## Assigned task
Could you reproduce the lines below from the one with "Discover the latest" through the one with "- Fluted Console"? Keep both ends and add nothing.

## Input data
========

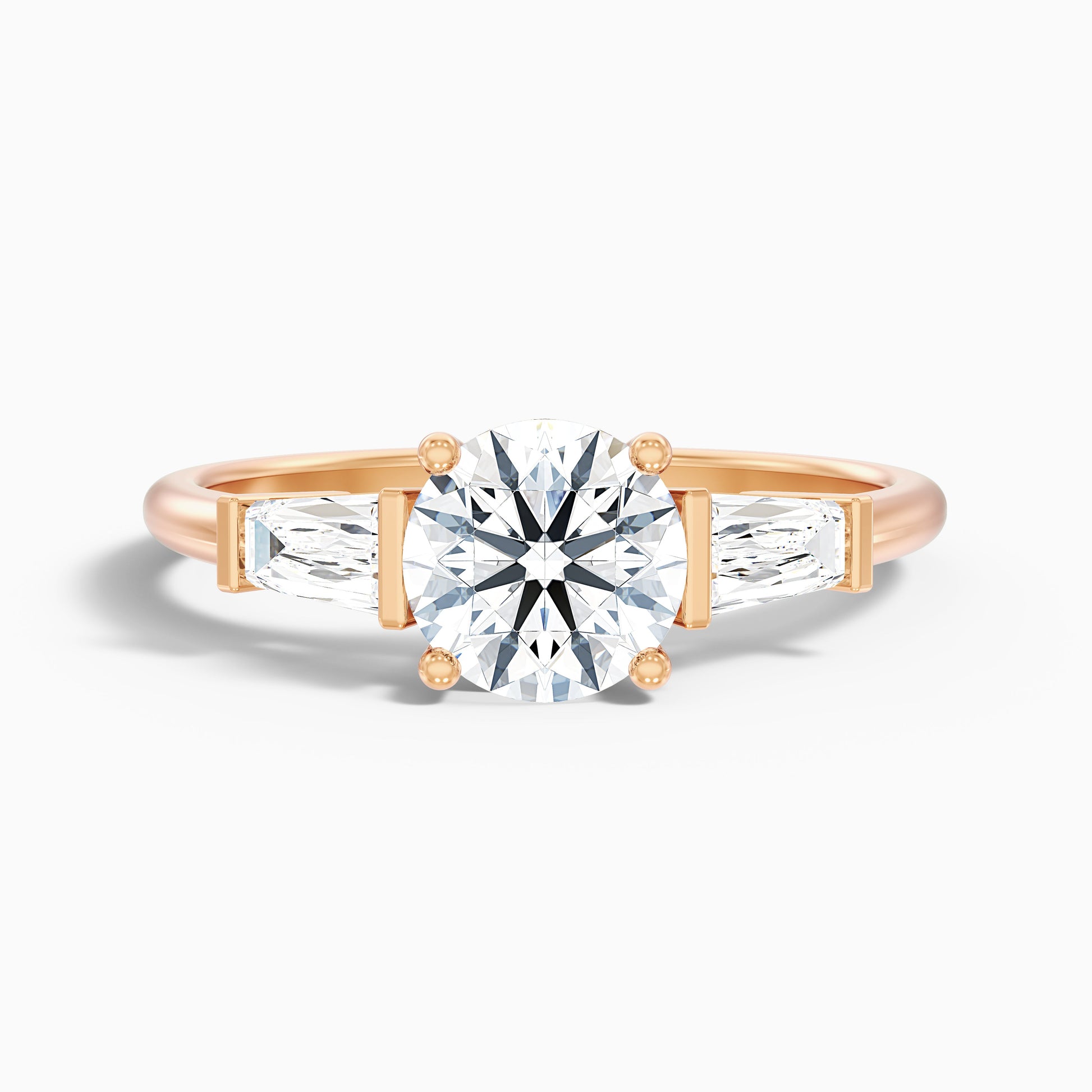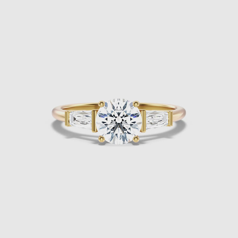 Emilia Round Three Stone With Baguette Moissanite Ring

========

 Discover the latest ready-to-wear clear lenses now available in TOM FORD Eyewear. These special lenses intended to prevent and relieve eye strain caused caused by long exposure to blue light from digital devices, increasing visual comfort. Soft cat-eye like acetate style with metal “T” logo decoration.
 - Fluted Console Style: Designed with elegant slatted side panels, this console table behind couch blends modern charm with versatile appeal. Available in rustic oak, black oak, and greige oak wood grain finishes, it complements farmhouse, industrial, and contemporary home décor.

========

## Solution to the exercise
 Discover the latest ready-to-wear clear lenses now available in TOM FORD Eyewear. These special lenses intended to prevent and relieve eye strain caused caused by long exposure to blue light from digital devices, increasing visual comfort. Soft cat-eye like acetate style with metal “T” logo decoration.
 - Fluted Console Style: Designed with elegant slatted side panels, this console table behind couch blends modern charm with versatile appeal. Available in rustic oak, black oak, and greige oak wood grain finishes, it complements farmhouse, industrial, and contemporary home décor.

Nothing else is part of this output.